Коля делает улыбчатый поворот, кланяется индийским гостем и замирает с прижатыми к груди руками.
Главный режиссер театра под Парусами ровным голосом объясняет капитанам условия заключительного конкурса — конкурса капитанов. Напоминает, что призом для победившей команды будет ящик вина.
— Радуется сердце мое, — удобнее устраиваясь в кресле, кладет ногу на ногу Молекула, — что состязание наше венчает единоборство столь достойных и незаурядных мужей. Именно наклонность обоих лидеров к неординарному восприятию мира, а также различие их мировоззренческих концепций и побудили мой ум придать философско-поисковую окраску предстоящей дуэли… Шуйца, переведи народу мое замудренное витийство и не забудь ему выдать дотацию за долготерпение.
Пока Шуйца и пара его помощников под радостные стоны зала разбрасывают кассетными очередями вино в массы, другая часть свиты по кивку гвоздики Виктора Вильямовича усаживает капитанов на перевернутые ящики друг против друга.

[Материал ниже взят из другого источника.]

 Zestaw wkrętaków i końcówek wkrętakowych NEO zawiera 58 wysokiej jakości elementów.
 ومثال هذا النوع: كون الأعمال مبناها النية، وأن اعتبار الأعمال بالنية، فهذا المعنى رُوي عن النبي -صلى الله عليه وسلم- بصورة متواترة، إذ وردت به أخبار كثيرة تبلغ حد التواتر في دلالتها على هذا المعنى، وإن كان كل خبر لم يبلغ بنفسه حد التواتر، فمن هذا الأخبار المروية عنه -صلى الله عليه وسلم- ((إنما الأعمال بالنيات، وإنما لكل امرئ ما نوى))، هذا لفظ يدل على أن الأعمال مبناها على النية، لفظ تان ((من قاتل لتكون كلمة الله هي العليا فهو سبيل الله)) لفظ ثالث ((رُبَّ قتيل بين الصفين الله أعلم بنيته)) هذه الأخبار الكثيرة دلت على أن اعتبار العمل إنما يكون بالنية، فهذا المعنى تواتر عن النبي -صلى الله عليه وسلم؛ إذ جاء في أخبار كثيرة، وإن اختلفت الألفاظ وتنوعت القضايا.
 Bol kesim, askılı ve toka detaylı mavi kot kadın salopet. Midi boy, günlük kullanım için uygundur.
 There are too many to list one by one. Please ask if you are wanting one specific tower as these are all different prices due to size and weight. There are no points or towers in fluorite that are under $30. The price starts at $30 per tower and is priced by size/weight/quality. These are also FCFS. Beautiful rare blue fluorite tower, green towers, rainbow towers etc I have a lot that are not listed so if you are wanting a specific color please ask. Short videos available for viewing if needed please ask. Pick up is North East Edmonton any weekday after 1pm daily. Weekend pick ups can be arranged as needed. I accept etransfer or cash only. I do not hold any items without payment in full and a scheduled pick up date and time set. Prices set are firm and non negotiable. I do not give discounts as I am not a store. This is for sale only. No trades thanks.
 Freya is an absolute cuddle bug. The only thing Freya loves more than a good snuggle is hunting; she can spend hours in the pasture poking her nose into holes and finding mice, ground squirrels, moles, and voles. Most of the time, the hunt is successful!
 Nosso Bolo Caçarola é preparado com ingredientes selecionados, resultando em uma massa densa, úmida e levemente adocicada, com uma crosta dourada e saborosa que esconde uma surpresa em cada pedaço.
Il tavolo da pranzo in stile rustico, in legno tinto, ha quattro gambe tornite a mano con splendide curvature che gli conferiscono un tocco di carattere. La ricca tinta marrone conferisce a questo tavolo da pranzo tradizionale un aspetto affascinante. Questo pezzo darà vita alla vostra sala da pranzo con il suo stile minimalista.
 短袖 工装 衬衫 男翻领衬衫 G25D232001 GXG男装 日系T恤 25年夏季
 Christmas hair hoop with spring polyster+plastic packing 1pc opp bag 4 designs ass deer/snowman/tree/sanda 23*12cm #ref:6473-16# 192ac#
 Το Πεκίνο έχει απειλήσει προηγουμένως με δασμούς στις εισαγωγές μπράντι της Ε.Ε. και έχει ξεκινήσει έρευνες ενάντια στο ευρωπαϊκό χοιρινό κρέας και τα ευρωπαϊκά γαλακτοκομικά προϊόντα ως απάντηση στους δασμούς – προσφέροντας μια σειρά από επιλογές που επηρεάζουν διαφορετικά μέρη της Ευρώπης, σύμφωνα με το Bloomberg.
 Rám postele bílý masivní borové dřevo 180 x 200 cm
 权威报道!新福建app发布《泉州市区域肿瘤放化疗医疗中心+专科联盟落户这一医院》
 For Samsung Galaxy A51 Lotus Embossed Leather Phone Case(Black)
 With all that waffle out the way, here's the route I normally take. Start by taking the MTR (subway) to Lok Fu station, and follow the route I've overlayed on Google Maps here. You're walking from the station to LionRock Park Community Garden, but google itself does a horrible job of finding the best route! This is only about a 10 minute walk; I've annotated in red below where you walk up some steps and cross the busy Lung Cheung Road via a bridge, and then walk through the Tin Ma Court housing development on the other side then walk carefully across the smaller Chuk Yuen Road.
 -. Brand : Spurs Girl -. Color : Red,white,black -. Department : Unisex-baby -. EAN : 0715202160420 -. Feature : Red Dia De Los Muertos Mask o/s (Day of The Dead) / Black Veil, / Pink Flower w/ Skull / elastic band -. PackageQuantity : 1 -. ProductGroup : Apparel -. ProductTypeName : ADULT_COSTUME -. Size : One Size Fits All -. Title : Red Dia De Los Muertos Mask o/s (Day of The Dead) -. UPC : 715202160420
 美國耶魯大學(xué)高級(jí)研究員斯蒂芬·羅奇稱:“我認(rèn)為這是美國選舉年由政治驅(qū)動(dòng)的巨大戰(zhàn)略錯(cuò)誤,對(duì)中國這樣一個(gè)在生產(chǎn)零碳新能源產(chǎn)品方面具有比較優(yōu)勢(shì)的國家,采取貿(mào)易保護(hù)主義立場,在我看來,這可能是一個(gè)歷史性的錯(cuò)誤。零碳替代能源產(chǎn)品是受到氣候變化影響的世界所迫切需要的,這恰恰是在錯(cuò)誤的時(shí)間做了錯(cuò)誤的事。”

Александра ставит в кресло к своему сюзерену обнаруженный в суфлерской будке тщательно протертый глобус величиной с детский мяч. Погладив ладонью Северный полюс, Молекула, амальгамово поблескивая глазами, смотрит на Авангардия, на Луку.
— Так откуда же мы все-таки с вами идем, друзья? Куда? В чем смысл жизни нашей? Впрочем, нет. И первых двух вопросов достаточно.
Крутанув глобус, Виктор Вильямович воспаряет взглядом над задумавшимися Авангардием и Волохонским.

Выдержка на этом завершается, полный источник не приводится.